- **Description of the task**:
Copy out all of the entries exactly as they appear.

- **Input records**:

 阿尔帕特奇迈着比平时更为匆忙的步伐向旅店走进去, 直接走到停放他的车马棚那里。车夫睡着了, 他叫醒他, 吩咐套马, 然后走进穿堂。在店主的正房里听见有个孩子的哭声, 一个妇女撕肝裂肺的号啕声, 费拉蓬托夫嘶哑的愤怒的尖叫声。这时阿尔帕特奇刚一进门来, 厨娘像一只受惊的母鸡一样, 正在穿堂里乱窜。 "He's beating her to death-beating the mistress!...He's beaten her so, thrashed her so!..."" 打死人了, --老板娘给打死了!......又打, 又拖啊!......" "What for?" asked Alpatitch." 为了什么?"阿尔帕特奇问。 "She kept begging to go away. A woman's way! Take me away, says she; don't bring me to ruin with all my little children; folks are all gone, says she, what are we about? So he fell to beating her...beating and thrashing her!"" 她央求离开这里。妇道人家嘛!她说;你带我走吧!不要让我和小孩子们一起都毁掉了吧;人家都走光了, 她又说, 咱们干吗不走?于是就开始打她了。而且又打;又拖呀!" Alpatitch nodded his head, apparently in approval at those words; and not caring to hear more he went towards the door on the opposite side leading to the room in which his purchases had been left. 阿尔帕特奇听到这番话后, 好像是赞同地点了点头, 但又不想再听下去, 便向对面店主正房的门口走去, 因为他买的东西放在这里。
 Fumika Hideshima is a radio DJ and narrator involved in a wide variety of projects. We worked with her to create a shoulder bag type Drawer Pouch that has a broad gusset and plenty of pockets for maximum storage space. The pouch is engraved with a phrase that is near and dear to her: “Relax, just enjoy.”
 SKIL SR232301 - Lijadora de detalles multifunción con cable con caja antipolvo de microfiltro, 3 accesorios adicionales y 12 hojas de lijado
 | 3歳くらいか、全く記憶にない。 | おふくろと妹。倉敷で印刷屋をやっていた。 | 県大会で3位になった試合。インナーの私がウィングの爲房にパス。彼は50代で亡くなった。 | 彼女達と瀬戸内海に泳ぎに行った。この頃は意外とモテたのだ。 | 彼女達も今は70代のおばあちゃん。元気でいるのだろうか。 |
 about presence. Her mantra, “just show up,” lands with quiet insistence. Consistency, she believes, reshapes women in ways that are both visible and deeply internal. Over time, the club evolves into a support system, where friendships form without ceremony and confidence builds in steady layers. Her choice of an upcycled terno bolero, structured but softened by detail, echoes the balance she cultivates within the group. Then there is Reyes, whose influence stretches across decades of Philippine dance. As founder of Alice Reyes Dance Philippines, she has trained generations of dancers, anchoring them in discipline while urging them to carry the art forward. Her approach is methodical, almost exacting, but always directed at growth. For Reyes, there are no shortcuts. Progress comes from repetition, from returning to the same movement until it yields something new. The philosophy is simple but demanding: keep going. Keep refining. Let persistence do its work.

- **Exercise answer**:
 阿尔帕特奇迈着比平时更为匆忙的步伐向旅店走进去, 直接走到停放他的车马棚那里。车夫睡着了, 他叫醒他, 吩咐套马, 然后走进穿堂。在店主的正房里听见有个孩子的哭声, 一个妇女撕肝裂肺的号啕声, 费拉蓬托夫嘶哑的愤怒的尖叫声。这时阿尔帕特奇刚一进门来, 厨娘像一只受惊的母鸡一样, 正在穿堂里乱窜。 "He's beating her to death-beating the mistress!...He's beaten her so, thrashed her so!..."" 打死人了, --老板娘给打死了!......又打, 又拖啊!......" "What for?" asked Alpatitch." 为了什么?"阿尔帕特奇问。 "She kept begging to go away. A woman's way! Take me away, says she; don't bring me to ruin with all my little children; folks are all gone, says she, what are we about? So he fell to beating her...beating and thrashing her!"" 她央求离开这里。妇道人家嘛!她说;你带我走吧!不要让我和小孩子们一起都毁掉了吧;人家都走光了, 她又说, 咱们干吗不走?于是就开始打她了。而且又打;又拖呀!" Alpatitch nodded his head, apparently in approval at those words; and not caring to hear more he went towards the door on the opposite side leading to the room in which his purchases had been left. 阿尔帕特奇听到这番话后, 好像是赞同地点了点头, 但又不想再听下去, 便向对面店主正房的门口走去, 因为他买的东西放在这里。
 Fumika Hideshima is a radio DJ and narrator involved in a wide variety of projects. We worked with her to create a shoulder bag type Drawer Pouch that has a broad gusset and plenty of pockets for maximum storage space. The pouch is engraved with a phrase that is near and dear to her: “Relax, just enjoy.”
 SKIL SR232301 - Lijadora de detalles multifunción con cable con caja antipolvo de microfiltro, 3 accesorios adicionales y 12 hojas de lijado
 | 3歳くらいか、全く記憶にない。 | おふくろと妹。倉敷で印刷屋をやっていた。 | 県大会で3位になった試合。インナーの私がウィングの爲房にパス。彼は50代で亡くなった。 | 彼女達と瀬戸内海に泳ぎに行った。この頃は意外とモテたのだ。 | 彼女達も今は70代のおばあちゃん。元気でいるのだろうか。 |
 about presence. Her mantra, “just show up,” lands with quiet insistence. Consistency, she believes, reshapes women in ways that are both visible and deeply internal. Over time, the club evolves into a support system, where friendships form without ceremony and confidence builds in steady layers. Her choice of an upcycled terno bolero, structured but softened by detail, echoes the balance she cultivates within the group. Then there is Reyes, whose influence stretches across decades of Philippine dance. As founder of Alice Reyes Dance Philippines, she has trained generations of dancers, anchoring them in discipline while urging them to carry the art forward. Her approach is methodical, almost exacting, but always directed at growth. For Reyes, there are no shortcuts. Progress comes from repetition, from returning to the same movement until it yields something new. The philosophy is simple but demanding: keep going. Keep refining. Let persistence do its work.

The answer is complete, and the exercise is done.